But here’s the thing: Even though the costs of doing business are going up, some companies are thriving. Not the small ones, heavens no. Like rank-and-file American consumers, the lower on the economic totem pole a business is, the more it’s likely to be on the receiving end of a slap from the invisible hand. But the big ones? Like, the Fortune 100 types, the companies with multinational operations, diversified brand portfolios, and phalanxes of MBAs that eat, sleep, and breathe shareholder return? Well, that’s another story. “​​These really big firms have pricing power,” Lindsay Owens, Ph.D., the executive director of the Groundwork Collaborative, a progressive policy organization, tells me in a recent phone interview. “Huge companies that have been allowed to gobble up the small guys for decades, they’ve gotten bigger. And now in this moment of uncertainty, they’re exerting their size” by raising prices.

Of course they’re raising their prices, you reply. Haven’t you heard about all the inflation? Yes, and: Many corporations across the country are taking price increases in excess of inflation’s impacts. In other words, costs are going up, but profit margins are soaring higher. To some, this is “greedflation”; to others, it’s just the market doing what the market does. Either way, it’s happening. “Executives are seizing a once-in-a-generation opportunity to raise prices,” reported The Wall Street Journal this past November. In March, Bloomberg declared 2021’s corporate profitability at its fattest since 1950. Just a couple weeks ago, The New York Times, analyzing 2,000 publicly traded companies outside the financial sector, credited margin growth with the additional $200 billion in operating profits that those firms posted in 2021 when compared to the previous year.

As for how much of those profits can be traced back to price hikes: An April 2022 review of Bureau of Economic Analysis data by the Economic Policy Institute, a progressive think tank, put that figure at around 54 percent. In other words, most of the extra money Americans are spending on “inflation” isn’t offsetting costs — it’s enriching corporate leaders in the forms of performance bonuses, stock buybacks, and the like. Executives “can make money off this little dog and pony show,” says Owens, who advocated for an excess-profits tax to curb corporate “profiteering” in a recent New York Times op-ed. Or put another way: They can make money off your assumption that their products cost you more because they cost them more — even if they don’t.

Setting aside the remedial economics lessons for now, we return our attention to the subject of our shared interest: beer.
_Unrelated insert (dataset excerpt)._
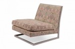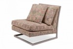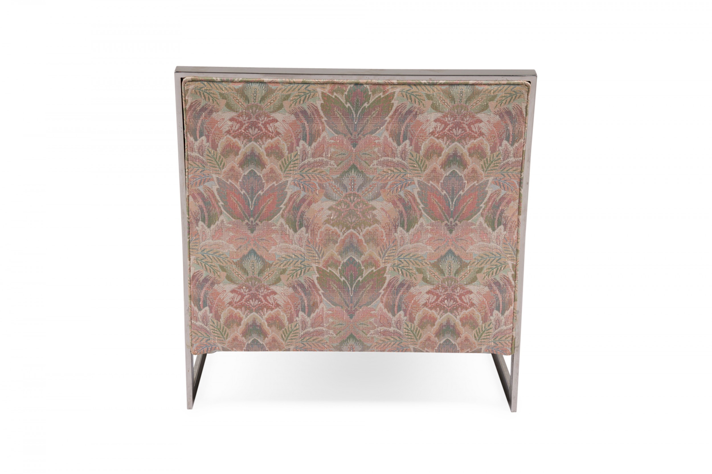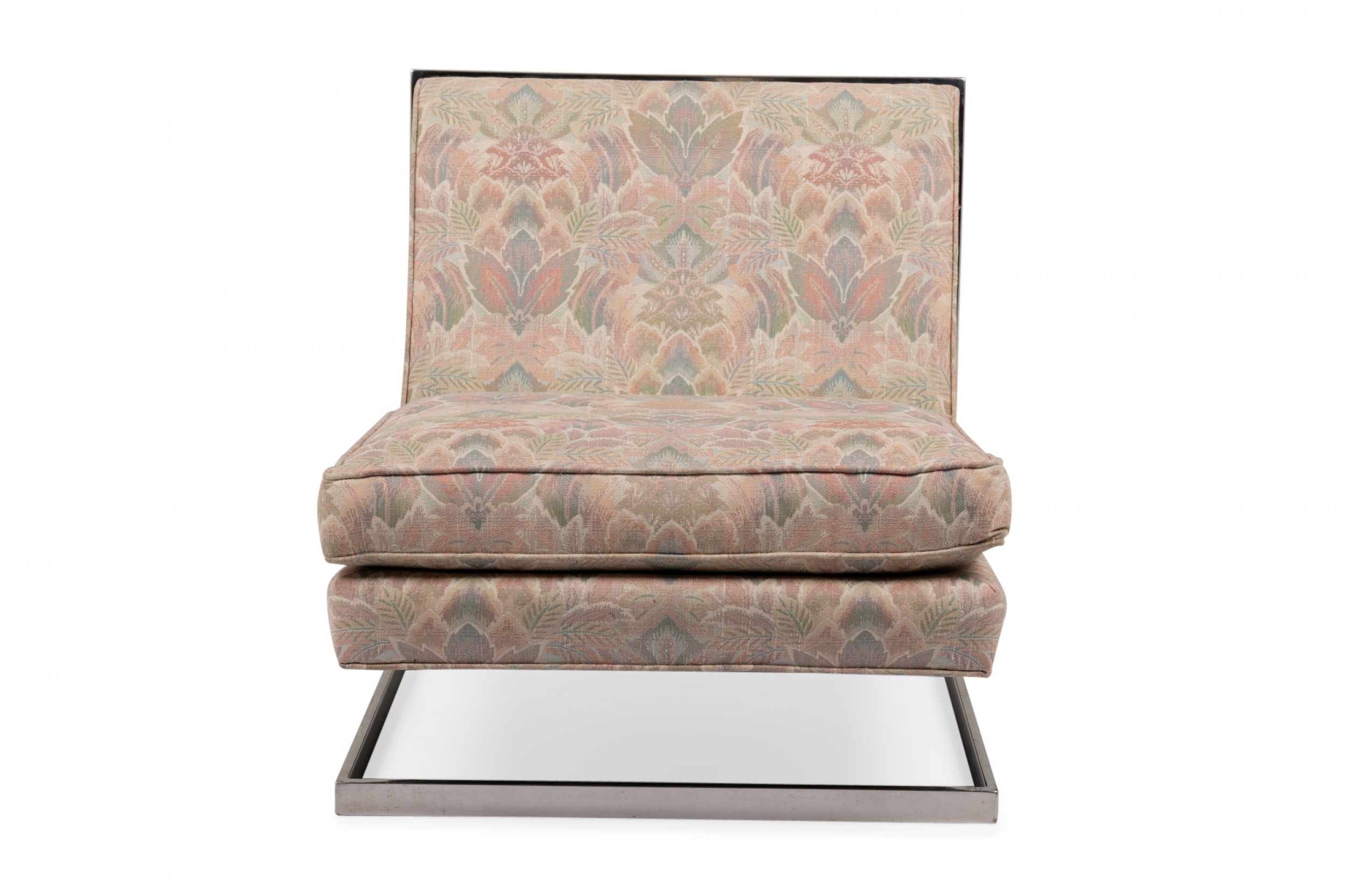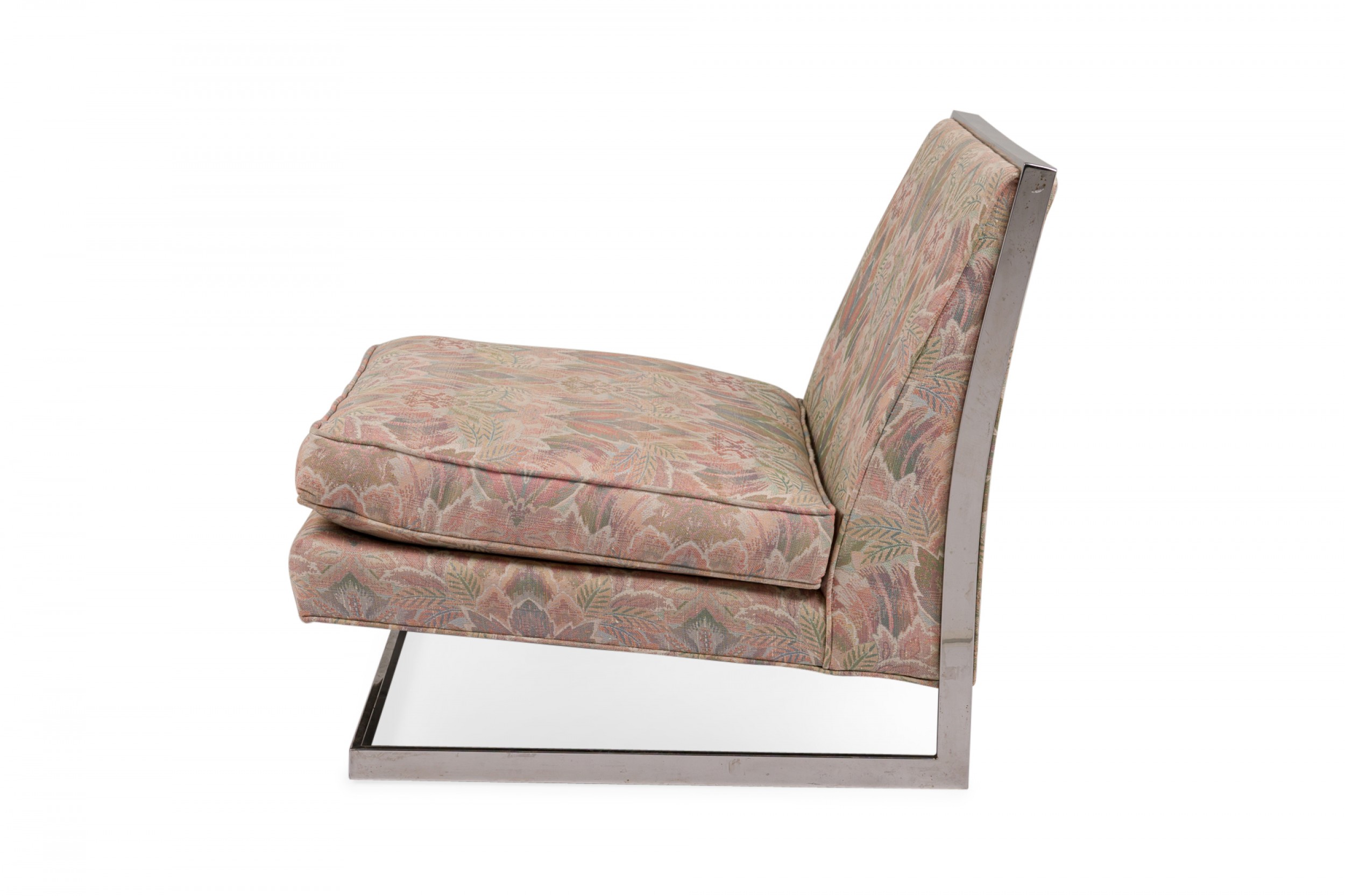 American Mid-Century floating slipper chair with pink, green, and beige floral fabric upholstery with a removable seat cushion, supported by a square chrome tube frame. (manner of MILO BAUGHMAN)
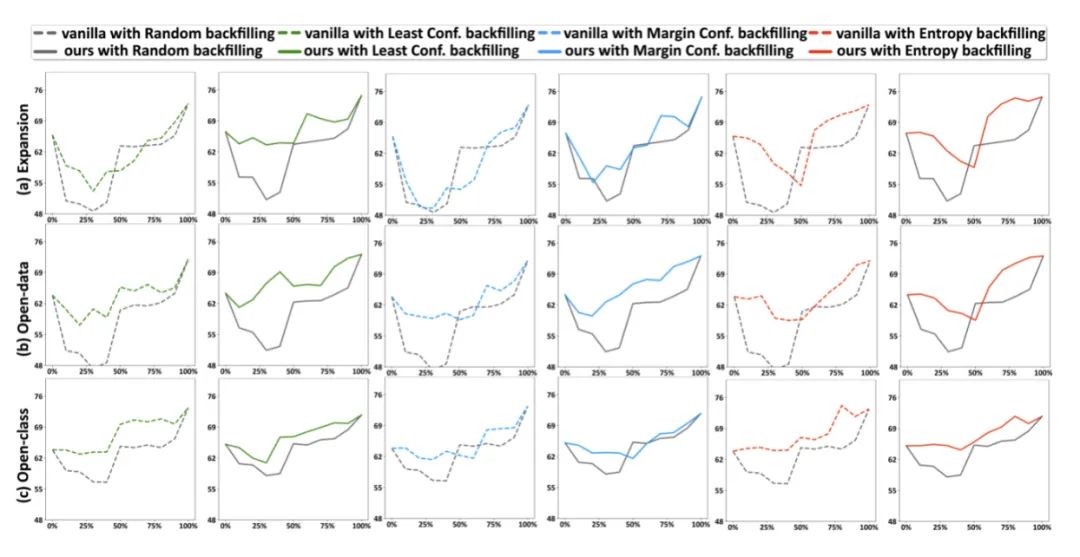 上文提到的损失函数在训练阶段显式地约束新模型减少负翻转的可能性出现,同时作者也提出一种基于不确定性的底库回填策略,可以在热刷新过程中隐式地减少负翻转。该回填策略基于“辨识度差的特征应优先被刷新”的原则,通过轻量快速地估计底库旧特征的分类不确定性,判断特征的可辨识度。如下图所示,作者在Oxford数据集上进行了测试,无论在部署传统兼容训练的新模型(虚线)还是缓解退化兼容训练的新模型(实线)时,基于不确定性的回填策略(彩色)都可以间接减轻模型退化问题并实现精度更快更稳定的提升。

From mattresses and body wash, coffee and poultry, price hikes on goods and services across the American economy fueled record-breaking profits in the C-suite. Was your extra beer money doing the same?

First we’ve gotta figure out how much more beer money you’re spending. In real life, beer prices vary by market, package size, segment, and other factors. But when we zoom out to a national level and look at volumes in the industry-standard unit of case equivalents (known as CEs, and clocking in at 288 ounces of beer), we can get a feel for what Americans have been paying for suds lately. One answer is clear: “more.” Earlier this month, the Bureau of Labor Statistics’ released its most recent edition of the Consumer Price Index (CPI), which is basically a snapshot of the way price points are changing for various items across the economy. In May 2022, beer was up 4.5 percent over the past 12 months — a slight improvement over the same metric from April, but still substantially higher than wine (1.8 percent) and spirits (1.4 percent).
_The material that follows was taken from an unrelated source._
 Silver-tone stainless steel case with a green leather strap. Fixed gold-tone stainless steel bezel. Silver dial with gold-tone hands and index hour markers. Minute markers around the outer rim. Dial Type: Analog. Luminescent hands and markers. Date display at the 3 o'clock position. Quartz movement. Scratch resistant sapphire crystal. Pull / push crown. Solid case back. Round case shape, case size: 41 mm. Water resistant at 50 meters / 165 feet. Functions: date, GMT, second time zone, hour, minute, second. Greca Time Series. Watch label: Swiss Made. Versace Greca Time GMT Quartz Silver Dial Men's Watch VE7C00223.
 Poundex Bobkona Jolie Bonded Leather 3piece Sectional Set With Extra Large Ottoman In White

“That’s way faster than it’s been [rising] over the last decade, which has been like 1 and a half percent,” says Michael Uhrich, the founder and chief economist at Seventh Point Analytic Consulting, and the former chief economist of the Beer Institute, a trade group. (While the CPI doesn’t differentiate between, say, hard seltzer and malt liquor, Brewbound reported that every beer segment this year has seen price increases in the off-premise channel, where the vast majority of both volume and dollar sales occur. For the period ending May 28, the trade publication found that the average CE price across all segments had increased $1.39 per case, to $27.94.)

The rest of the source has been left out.